--- What you need to do ---
The answer consists solely of the lines running from the one with "Pointed spread collar." through the final line below, transcribed exactly and without any pictures.

--- Data ---
+ + +
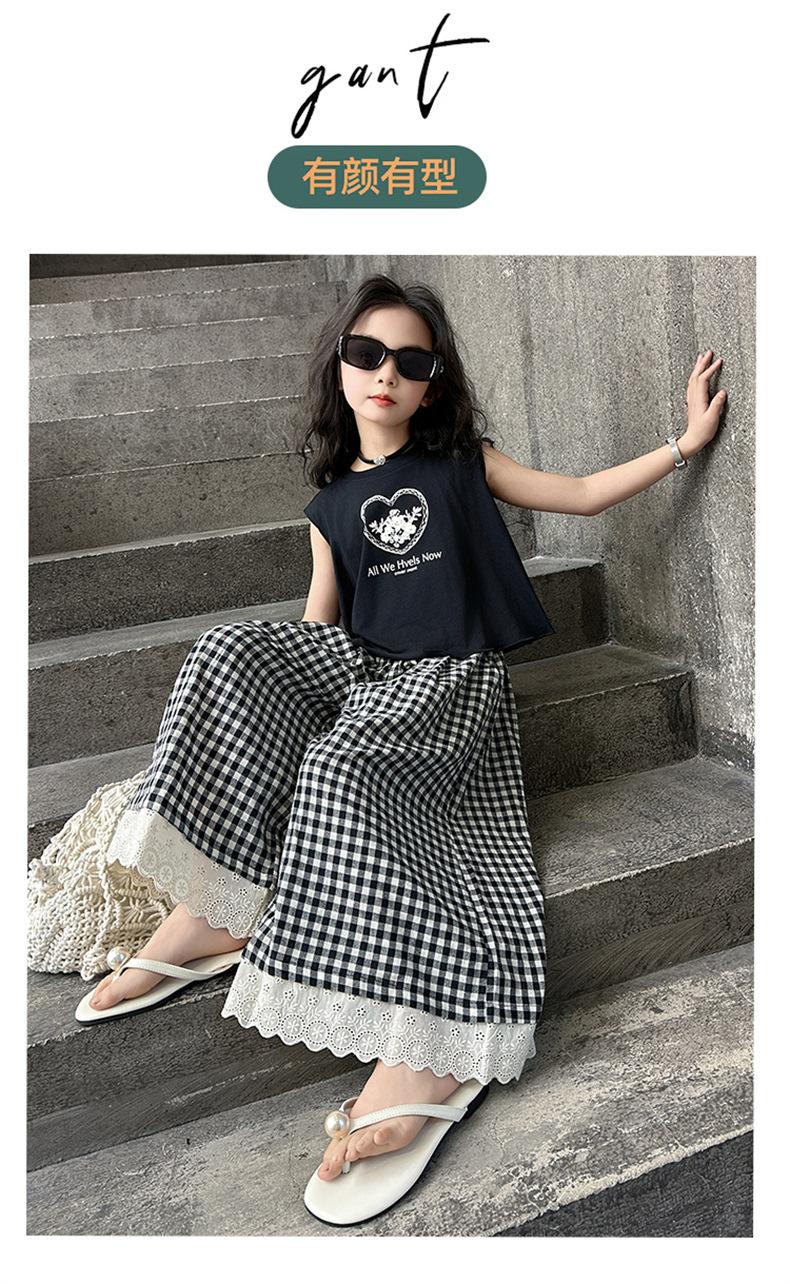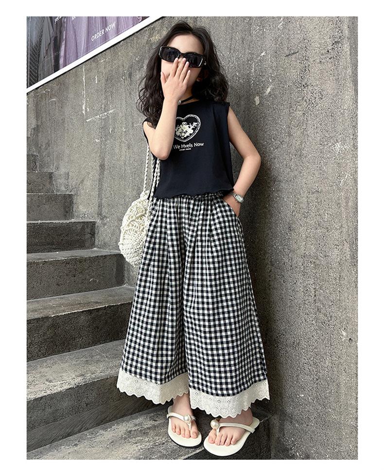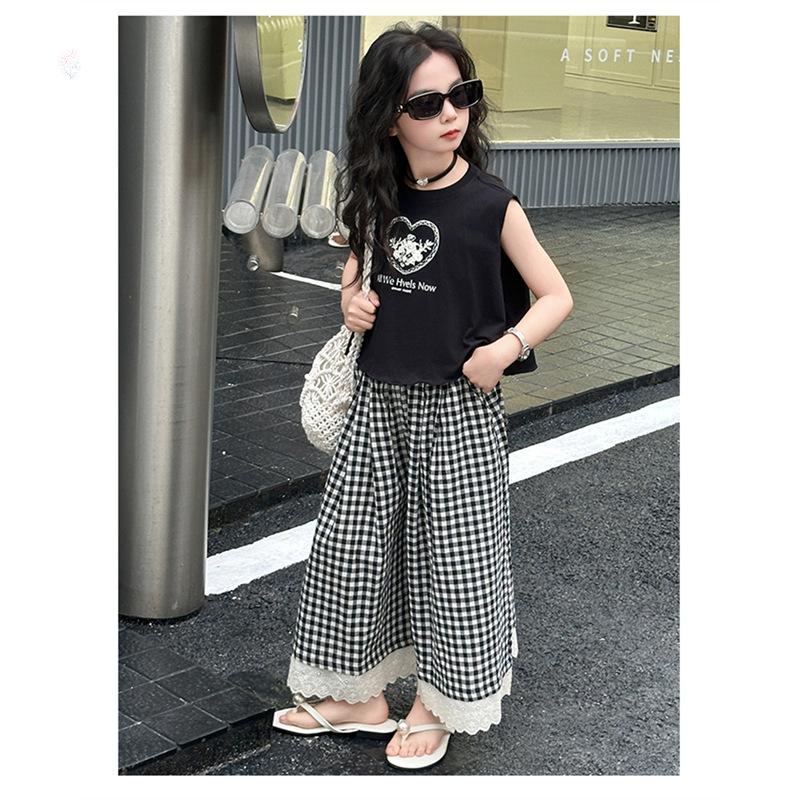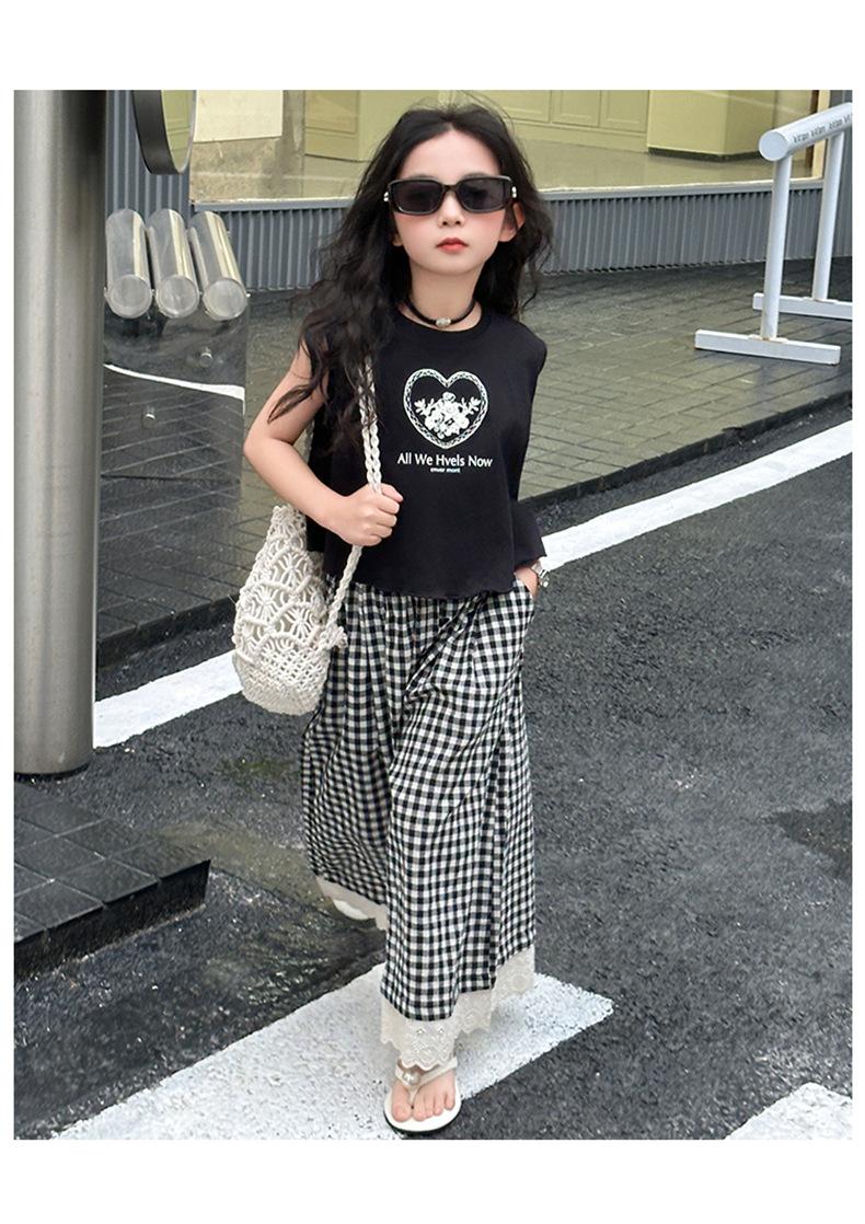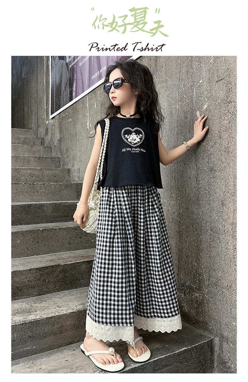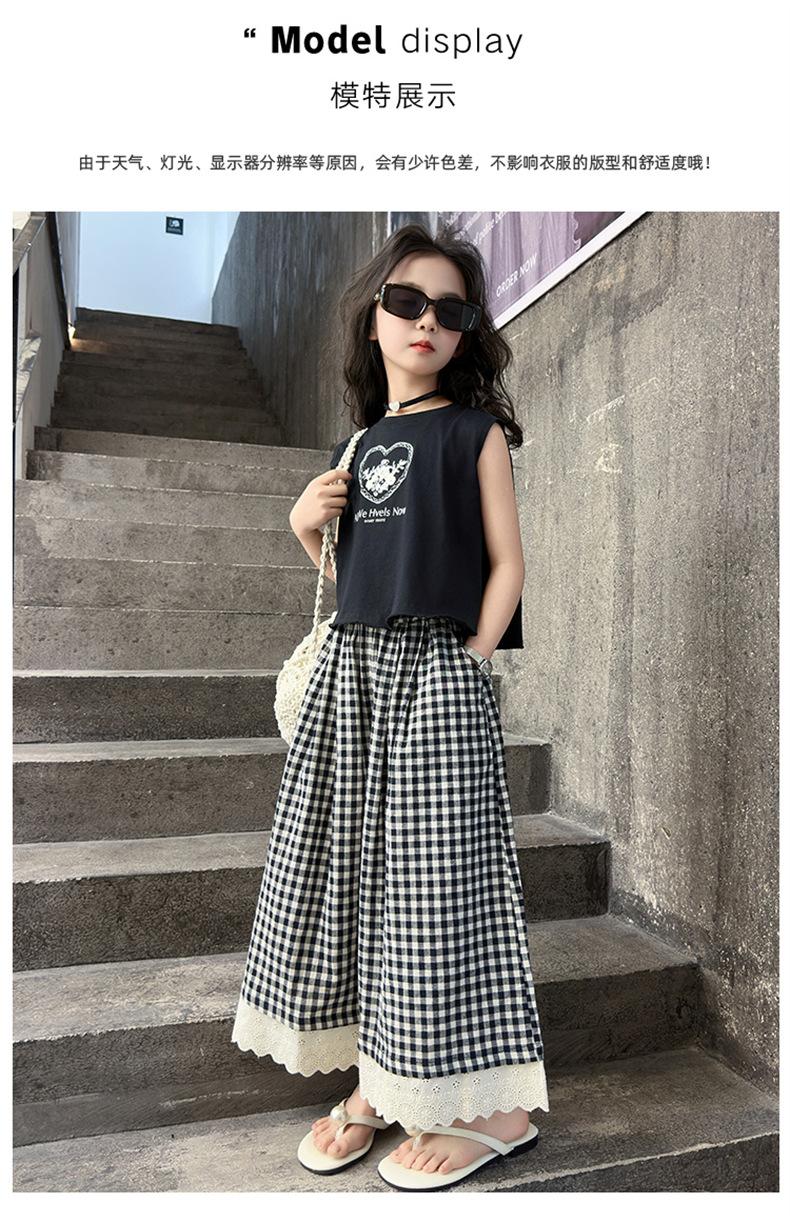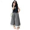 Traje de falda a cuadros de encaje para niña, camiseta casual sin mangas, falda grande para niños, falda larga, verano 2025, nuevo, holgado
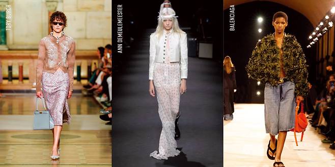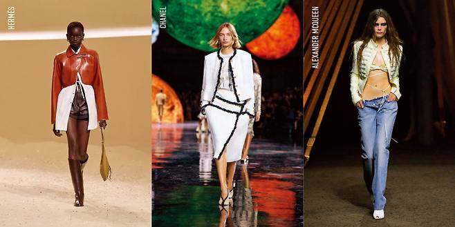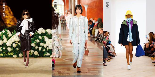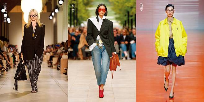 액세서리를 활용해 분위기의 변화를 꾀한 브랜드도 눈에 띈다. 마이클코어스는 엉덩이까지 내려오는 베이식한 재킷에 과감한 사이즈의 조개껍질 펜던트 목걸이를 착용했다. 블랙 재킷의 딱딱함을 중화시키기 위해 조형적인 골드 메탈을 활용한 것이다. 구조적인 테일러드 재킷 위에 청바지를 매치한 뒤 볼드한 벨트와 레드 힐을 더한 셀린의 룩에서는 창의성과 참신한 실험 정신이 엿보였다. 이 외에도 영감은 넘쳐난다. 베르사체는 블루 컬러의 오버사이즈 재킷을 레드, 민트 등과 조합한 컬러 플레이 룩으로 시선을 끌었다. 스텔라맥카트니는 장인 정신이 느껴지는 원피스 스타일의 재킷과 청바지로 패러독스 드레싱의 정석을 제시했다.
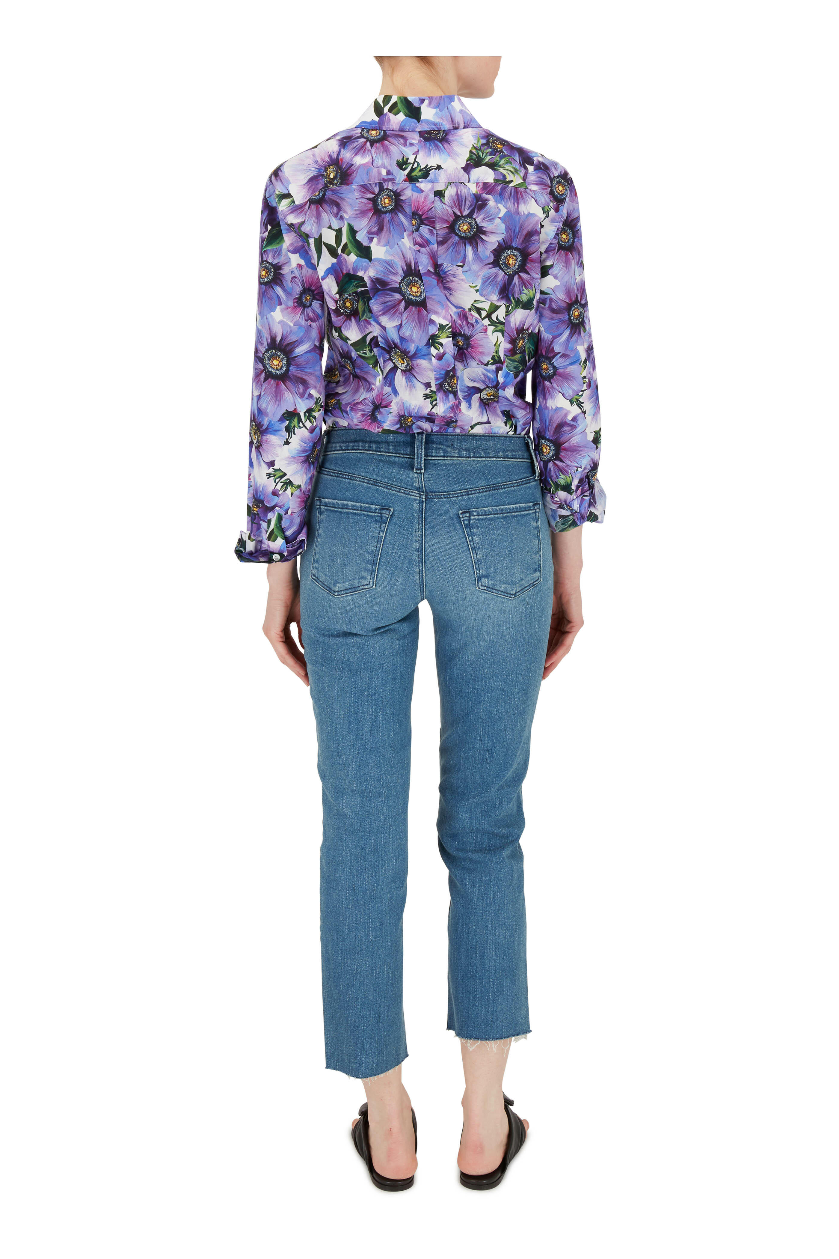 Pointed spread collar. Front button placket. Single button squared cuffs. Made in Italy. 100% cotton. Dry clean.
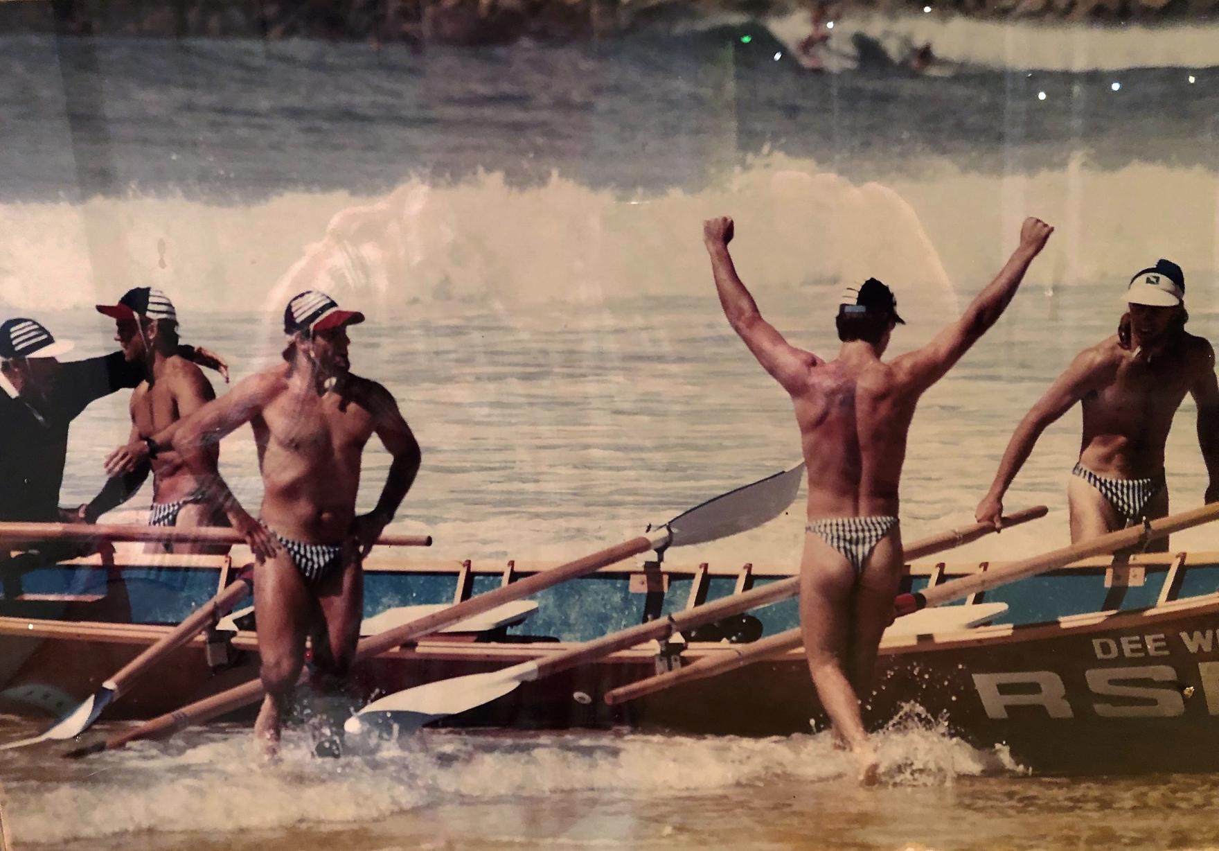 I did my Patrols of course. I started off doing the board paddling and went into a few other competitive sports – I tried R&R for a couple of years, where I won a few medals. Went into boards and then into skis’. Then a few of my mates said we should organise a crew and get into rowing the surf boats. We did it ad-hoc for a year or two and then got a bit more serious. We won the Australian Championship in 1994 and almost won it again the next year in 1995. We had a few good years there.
+ + +
--- Solution to the problem ---
 Pointed spread collar. Front button placket. Single button squared cuffs. Made in Italy. 100% cotton. Dry clean.
 I did my Patrols of course. I started off doing the board paddling and went into a few other competitive sports – I tried R&R for a couple of years, where I won a few medals. Went into boards and then into skis’. Then a few of my mates said we should organise a crew and get into rowing the surf boats. We did it ad-hoc for a year or two and then got a bit more serious. We won the Australian Championship in 1994 and almost won it again the next year in 1995. We had a few good years there.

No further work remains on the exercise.